Is the grapher getting confused, or does there really exist a difference between 1 and sin(x)^2+cos(x)^2 vis-a-vis artanh(x)?

Thanks

$\tanh (x) = \frac{e^x - e^{-x}}{e^x + e^{-x} }$

to find the inverse let

$u = \tanh ^{-1} x$

$\tanh(u) = x$

$\frac{e^u - e^{-u}}{e^u+e^{-u}}=x$

simplify

$e^u - e^{-u} = xe^u + xe^{-u}$

$e^{2u} -1 = xe^{2u} + x$

$e^{2u}(x-1) +x+1=0$ let $e^{u} = t$

$t^2 (x-1) + x+1 = 0$

$t = \frac{\mp\sqrt{-4(x-1)(x+1)}}{2(x-1)}$

$t = \frac{\mp 2 \sqrt{(1-x)(1+x)}}{2(x-1)}$

$t =\mp \sqrt{\frac{(1-x)(1+x)}{(1-x)(1-x)}}$

$t=\mp \sqrt{\frac{1+x}{1-x}}$

but t=exp(u) so

$e^u = \mp \sqrt{\frac{1+x}{1-x}}$

$u=\frac{1}{2}\ln \left(\frac{1+x}{1-x}\right)$

$\tanh ^{-1}(x)=\frac{1}{2}\ln \left(\frac{1+x}{1-x}\right)$
• September 26th 2009, 08:05 AM
rainer
Amer-

Your demonstration is very useful to me. Many thanks.

An important question remains, however: Is artanh(x) the inverse function of tanh(x)?

The wikipedia definition of inverse function is:

"If ƒ is a function from A to B then an inverse function for ƒ is a function in the opposite direction, from B to A, with the property that a round trip (a composition) from A to B to A (or from B to A to B) returns each element of the initial set to itself."

By this definition, for x=1, artanh(x) is NOT the inverse function of
tanh(x).

Perhaps this simply means that tanh(x) is not invertible?

Thanks
• September 26th 2009, 08:47 AM
Amer
Quote:

Originally Posted by rainer
Amer-

Your demonstration is very useful to me.
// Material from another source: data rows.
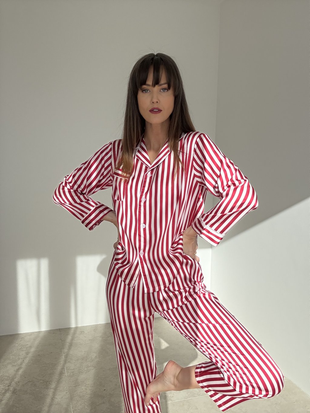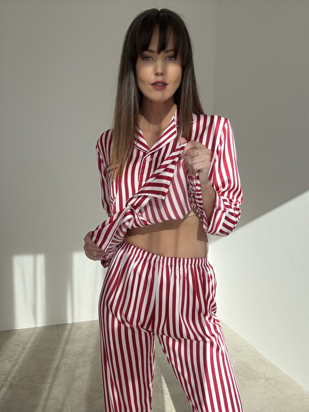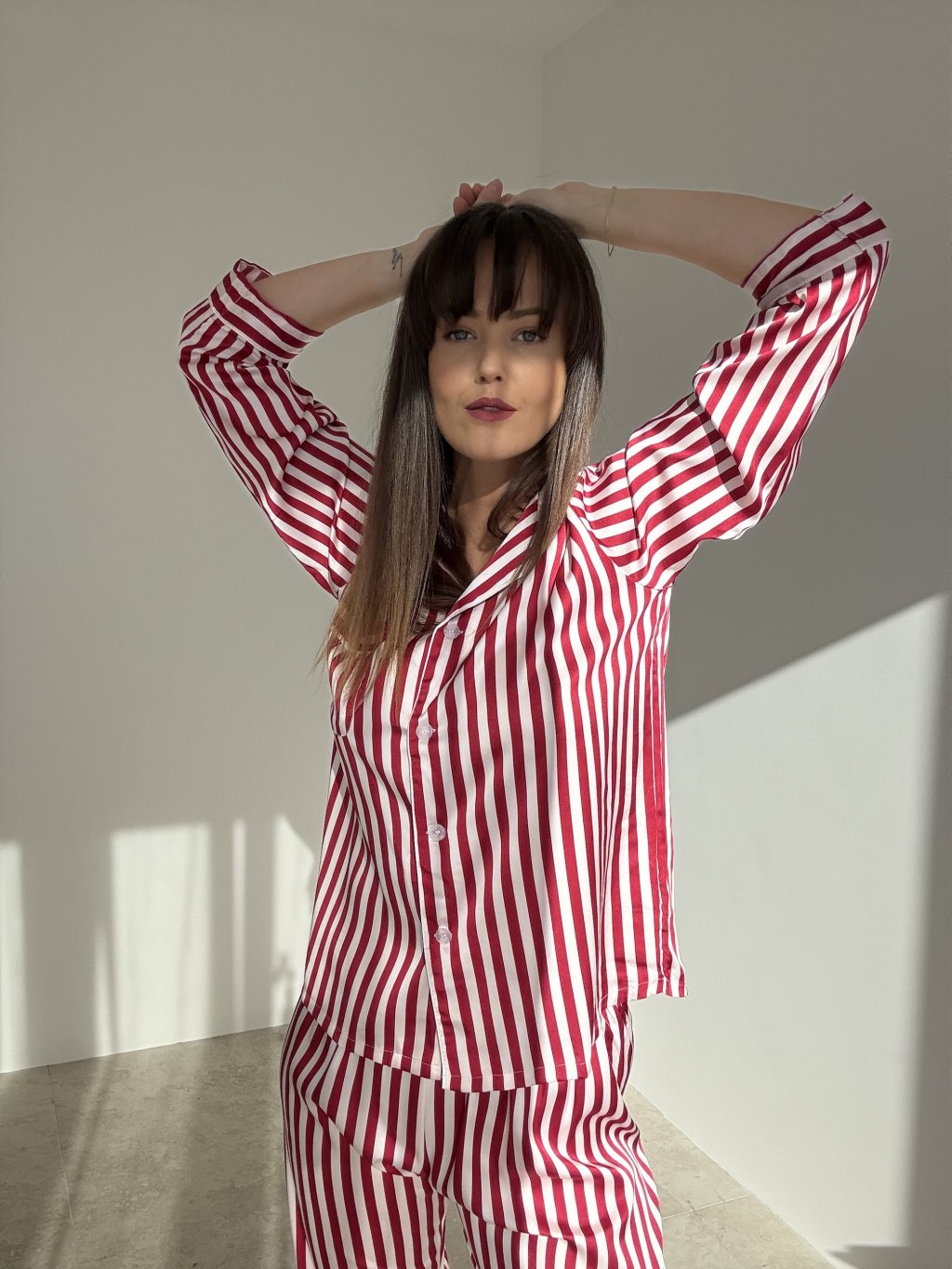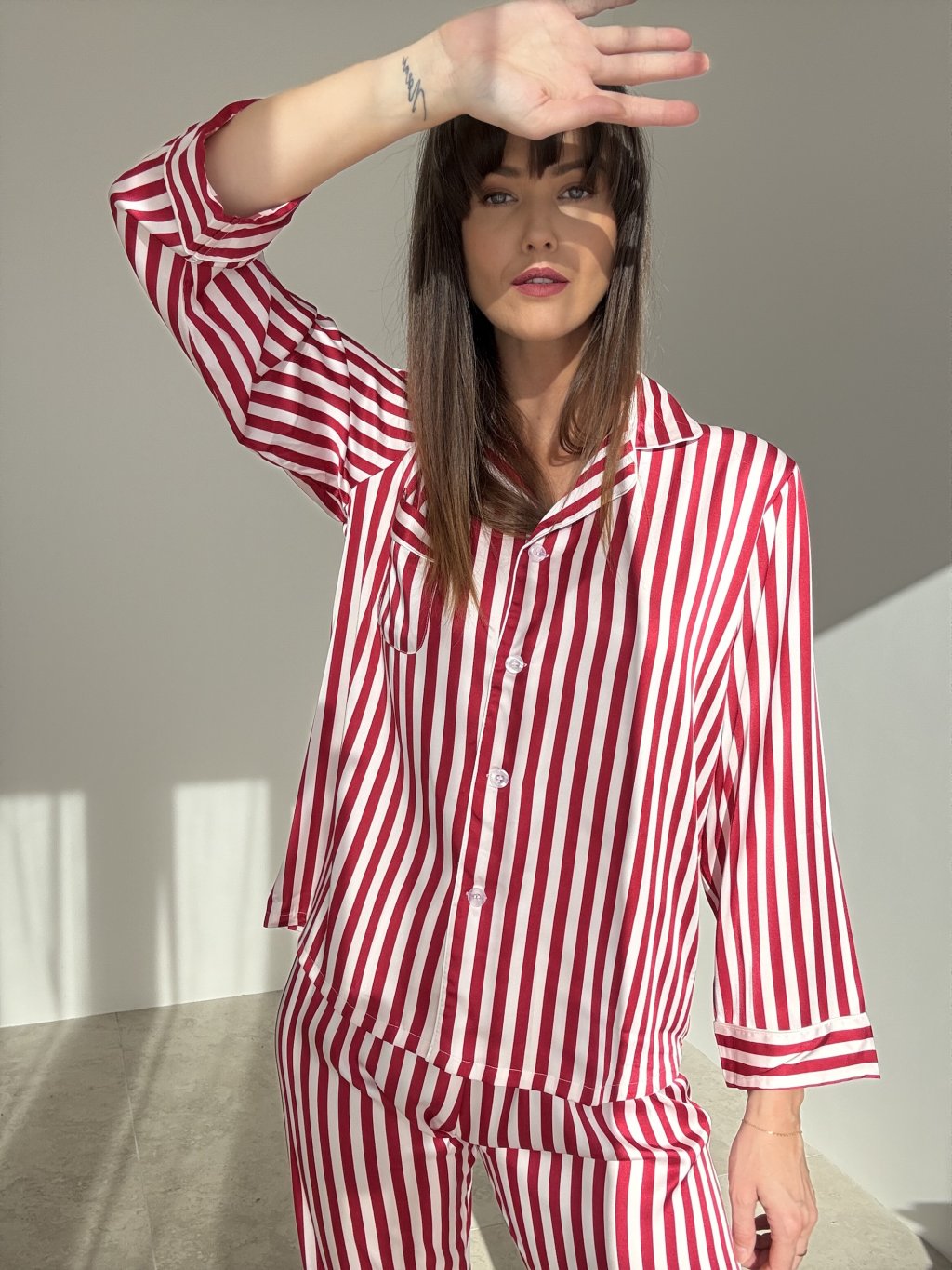 A silky satin two-piece pajama set with a subtle sheen and timeless stripes, crafted to feel soft and gentle against the skin. The shirt features a classic notched collar and button fastening for easy wear and layering. The mid-rise trousers have a comfortable elastic waistband and a relaxed straight leg. The lightweight, breathable fabric moves beautifully with the body, perfect for restful nights and cozy lounging. Refined finishing creates an elegant, feminine look with lasting comfort.
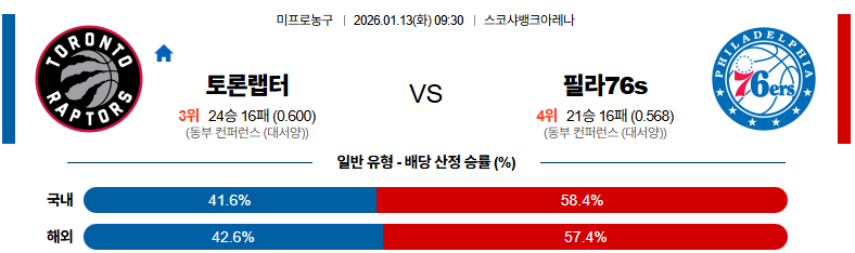 01월13일 토론토:필라델피아 NBA 분석 및 예측 스포츠중계:스포츠무료중계
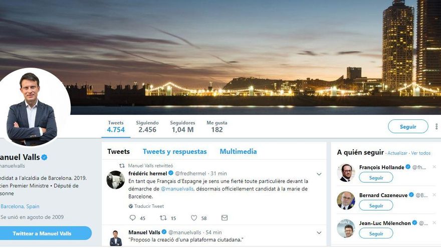 El recién anunciado candidato a alcalde de la ciudad condal se lo ha tomado al pie de la letra y ha comenzado su campaña en una de sus plataformas más importantes: su cuenta de Twitter. El que fuera ministro de Interior con el expresidente francés François Hollande se ha puesto manos a la obra y ha dejado su nacionalidad francesa detrás. Esta era su cabecera de Twitter el pasado 23 de septiembre:
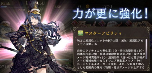 ![]() 味方の風属性ユニットのHP上限+10%・風属性アビリティ攻撃+15 自身のクリティカル発生率+10・単体攻撃耐性+10・弱体抵抗率+20・追加効果「遠くなるほど魔法被ダメ軽減中ならドンムブ係数+0.15」を付与 ⇩MA強化⇩ 味方の風属性ユニットのHP上限+10%・風属性アビリティ攻撃+15 自身のクリティカル発生率+10・単体攻撃耐性+10・弱体抵抗率+20・単体貫通+20・魔法被ダメ軽減貫通+20・追加効果「遠くなるほど魔法被ダメ軽減中ならドンムブ係数+0.15」を付与 | ||
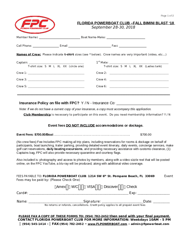 The FPC Bimini Blast Fall 2018 Detour to Marathon Poker Run is a Word document that has to be filled-out and signed for specified needs. Then, it is provided to the exact addressee to provide some details and data. The completion and signing is available manually in hard copy or via a suitable application like PDFfiller. Such tools help to send in any PDF or Word file without printing out. While doing that, you can edit its appearance according to your needs and put an official legal electronic signature. Once you're good, the user ought to send the FPC Bimini Blast Fall 2018 Detour to Marathon Poker Run to the respective recipient or several ones by mail and even fax. PDFfiller has got a feature and options that make your blank printable. It has a variety of options when printing out appearance. No matter, how you will file a document - in hard copy or by email - it will always look neat and firm. In order not to create a new editable template from scratch every time, make the original Word file as a template. After that, you will have a customizable sample.
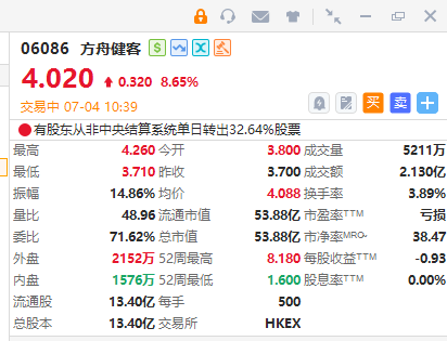 方舟健客(06086)早盘涨超8%,截至发稿,涨8.65%,报4.02港元,成交额2.13亿港元。
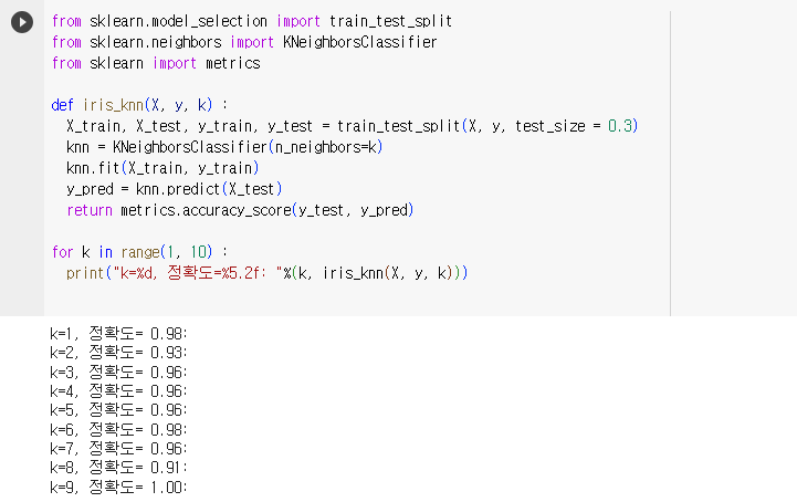 - train_test_split 함수를 사용하여 훈련데이터와 검증데이터로 구분함. X, y라는 데이터에서 X_train, X_test, y_train, y_test로 홀드아웃(테스트용, 훈련용)으로 분류함

Many thanks.

An important question remains, however: Is artanh(x) the inverse function of tanh(x)?

The wikipedia definition of inverse function is:

"If ƒ is a function from A to B then an inverse function for ƒ is a function in the opposite direction, from B to A, with the property that a round trip (a composition) from A to B to A (or from B to A to B) returns each element of the initial set to itself."

By this definition, for x=1, artanh(x) is NOT the inverse function of
tanh(x).

Perhaps this simply means that tanh(x) is not invertible?

Thanks

ok I see let take

$\tanh ^{-1}(1) = \frac{1}{2} \ln \left(\frac{1+1}{1-1} \right) = \infty$

now

$\tanh (\infty) =\lim_{x\rightarrow \infty}\frac{e^x - e^{-x} }{e^x + e^{-x} }=\lim _{x\rightarrow \infty} \frac{e^{2x}-1}{e^{2x}+1}=1$

that's it

or

I will prove that $\tanh ^{-1} (\tanh (x)) =x$

$\tanh ^{-1}(\tanh) = \frac{1}{2} \ln\left(\frac{1+\dfrac{e^x - e^{-x} }{e^x + e^{-x} } }{1-\dfrac{e^x - e^{-x} }{e^x + e^{-x} }}\right)$

$\tanh ^{-1}(\tanh) = \frac{1}{2} \ln\left(\frac{e^x + e^{-x} + e^{x} - e^{-x} }{e^x + e^{-x} -(e^x -e^{-x})}\right)$

$\tanh ^{-1}(\tanh) = \frac{1}{2} \ln\left(\frac{2e^x}{2e^{-x}}\right)$

$\tanh ^{-1}(\tanh) = \frac{1}{2} (\ln (e^x) - \ln(e^{-x}))=2x/2=x$